If reliable temperature measurement is to be carried out, the first step is to choose the correct temperature instrument, that is, temperature sensor. Thermocouples, thermistors, platinum resistors (RTDs), and temperature ICs are the most commonly used temperature sensors in testing.
The following is an introduction to the characteristics of thermocouple and thermistor temperature instruments.
1. Thermocouple
Thermocouples are the most commonly used temperature sensors in temperature measurement. Its main advantages are a wide temperature range and adaptability to various atmospheric environments, as well as being sturdy, affordable, requiring no power supply, and also the cheapest. A thermocouple is composed of two different metal wires (metal A and metal B) connected at one end. When one end of the thermocouple is heated, there is a potential difference in the thermocouple circuit. Temperature can be calculated using the measured potential difference.
However, there is a non-linear relationship between voltage and temperature, and temperature requires a second measurement for the reference temperature (Tref) due to the non-linear relationship between voltage and temperature. Testing equipment software or hardware is used to process the voltage temperature transformation inside the instrument to ultimately obtain the thermocouple temperature (Tx). Both Agilent 34970A and 34980A data collectors have built-in measurement and computation capabilities.
In short, thermocouples are the simplest and most versatile temperature sensors, but they are not suitable for high-precision measurements and applications.
2. Thermistor
Thermistors are made of semiconductor materials, mostly with a negative temperature coefficient, meaning that the resistance decreases with increasing temperature. Temperature changes can cause significant changes in resistance, making it the most sensitive temperature sensor. However, the linearity of thermistors is extremely poor and is closely related to the production process. The manufacturer cannot provide a standardized thermistor curve.
Thermistors have a very small volume and respond quickly to temperature changes. But thermistors require the use of a current source, and their small size makes them extremely sensitive to self heating errors.
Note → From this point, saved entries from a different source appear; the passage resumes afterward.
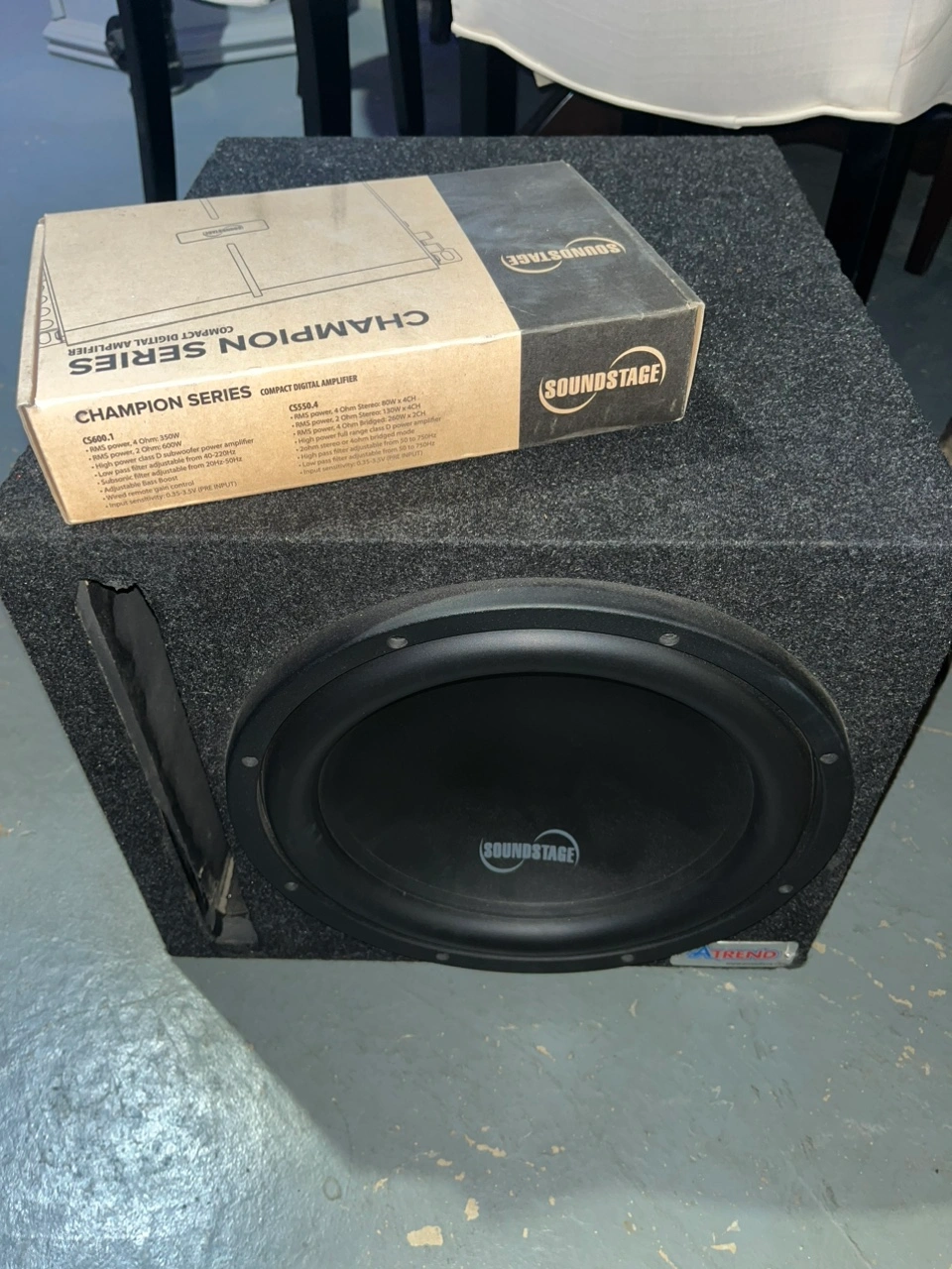 Got a gently used soundstage 12” sub w/trends ported box and matching soundstage mono amp with bass gain volume for under the dash System pounds nice Down sizing so no longer need Asking $250.00 obo 1964 Millwoods Road NW Millwoods area for pick up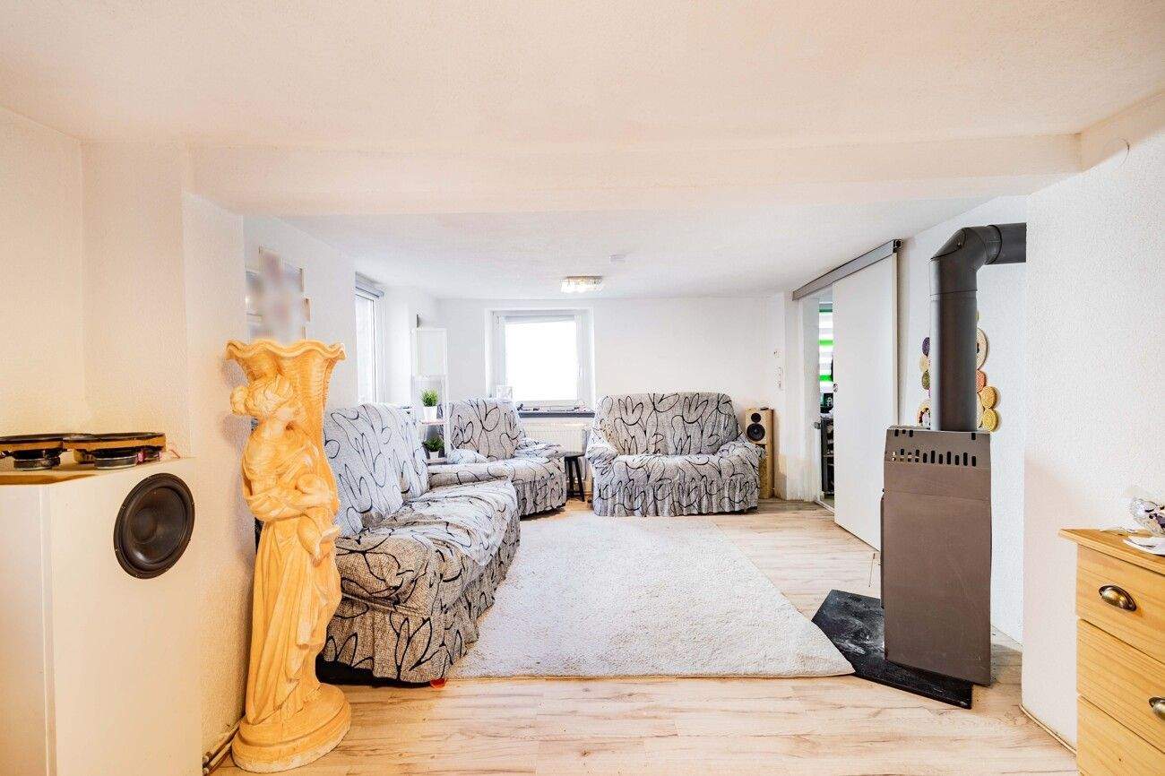 • Wohnzimmer mit Kamin - Einfamilienhaus mit 107,00 m² in Herbolzheim zum Kaufen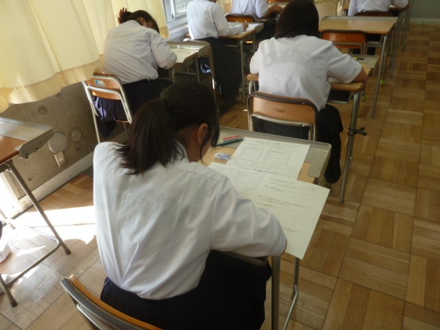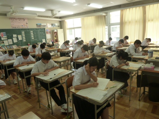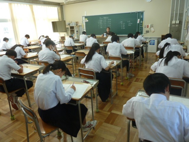 2学期中間テストの2校時は、「数学」です。シーンとした雰囲気の中で黙々と問題に取り組む3年生でした。3年生は少し疲れた表情でテストを受けている感じがしましたが、かなり遅い時間までテスト勉強をしていたのではと推測します。疲れに負けずに頑張れ、3年生。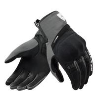 Rękawice motocyklowe wykonane z połączenia skóry i poliestru.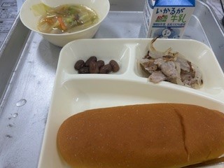 6/27 今日の給食 公開日 2025/06/27 更新日 2025/06/27 お知らせ 今日の献立は ・豚肉のバジル焼き ・鶏肉とキャベツのスープ ・うずら豆のグラッセ ・パンプキンパン ・牛乳 です。 いいね(0)
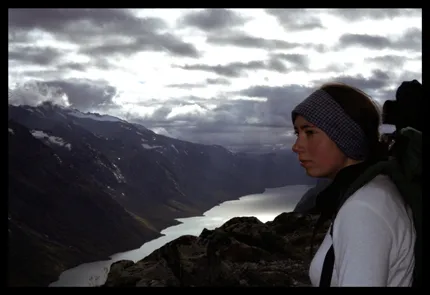 Tone tittar ut över Gende på vandring över Besseggen, Norge

Thermistors measure absolute temperature on two lines with good accuracy, but they are more expensive than thermocouples and can measure temperatures within a smaller range. A commonly used thermistor has a resistance of 5k Ω at 25 ℃, and every 1 ℃ temperature change causes a resistance change of 200 Ω. Note that a lead resistance of 10 Ω only causes a negligible error of 0.05 ℃. It is highly suitable for current control applications that require fast and sensitive temperature measurement. Small size is advantageous for applications with space requirements, but attention must be paid to preventing self heating errors.
Thermistors also have their own measurement techniques. The advantage of thermistors is their small size, as they can quickly stabilize without causing thermal loads. However, it is also very weak as high currents can cause self heating. Due to the fact that thermistors are resistive devices, any current source will generate heat on them due to power. Power is equal to the product of the square of current and resistance. Therefore, a small current source should be used. If the thermistor is exposed to high heat, it will cause permanent damage.